In the walls of the Machema site, there are remains of Sabaean inscriptions that resemble but predate both Ethiopic and Arabic.

Besides this, there are common trades like bead making, smelting and weaving that were done in all the above named sites in South Africa, Zimbabwe and the likes of Kawkaban and Thuli Ruins in Yemen.

Evidence of terrace farming, which was a typical Sabaean trait, can be found in places like Nyanga. 

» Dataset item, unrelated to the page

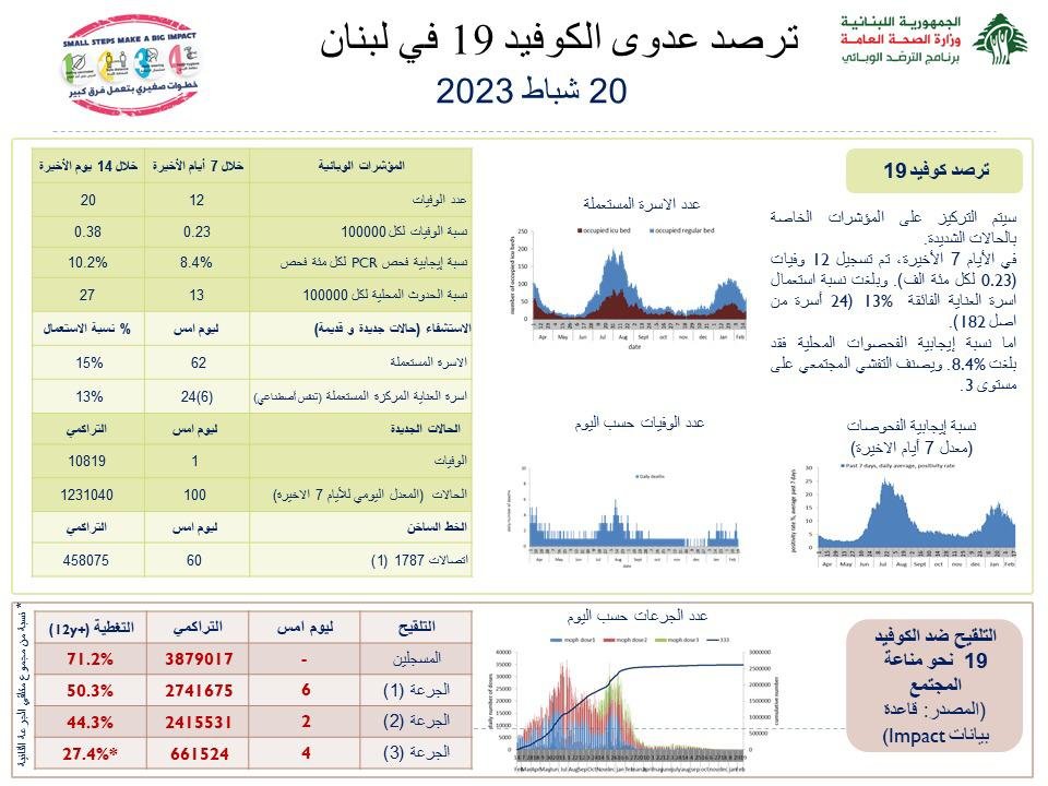 أعلنت وزارةُ الصّحةِ العامّة في تقريرٍ نشرته عن حالات كورونا تسجيل "100 اصابة رفعت العدد التّراكمي للحالات المُثبتة الى 1231040، كما تمّ تسجيل حالة وفاة واحدة"

There are also foods, like pomegranates, which entered Zimbabwe from Arabia.

The ark of the covenant was objectively traced by Western scholars like Professor Tudor Paffit and was found to have left Ethiopia for Yemen. 

It was finally known to be the sacred object of the Remba people which was called ‘lungundu’.

Lungundu seems to have linguistic origins in Chinese from the word ‘longde’ meaning the lord’s (object). 

This is not surprising, seeing that the queen of Sheba’s hegemony reached the Kunlun Mountains of China.

The lungundu and the ark had many parallels like being made of hardwood, coated of gold, carried by four men, displayed once a year and it used to shine like the sun.

The Remba were then genetically tested after they were seen to have a Mosaic culture besides custody of the sacred object.

Their oral history of coming from Sena in Yemen and being called vaShavi meaning Sabaeans and Zhou which is similar to Jew and short for Judah, are compelling pieces of evidence on how precious Zimbabwe was to the people of the scriptures and how they went through great lengths to be in this country.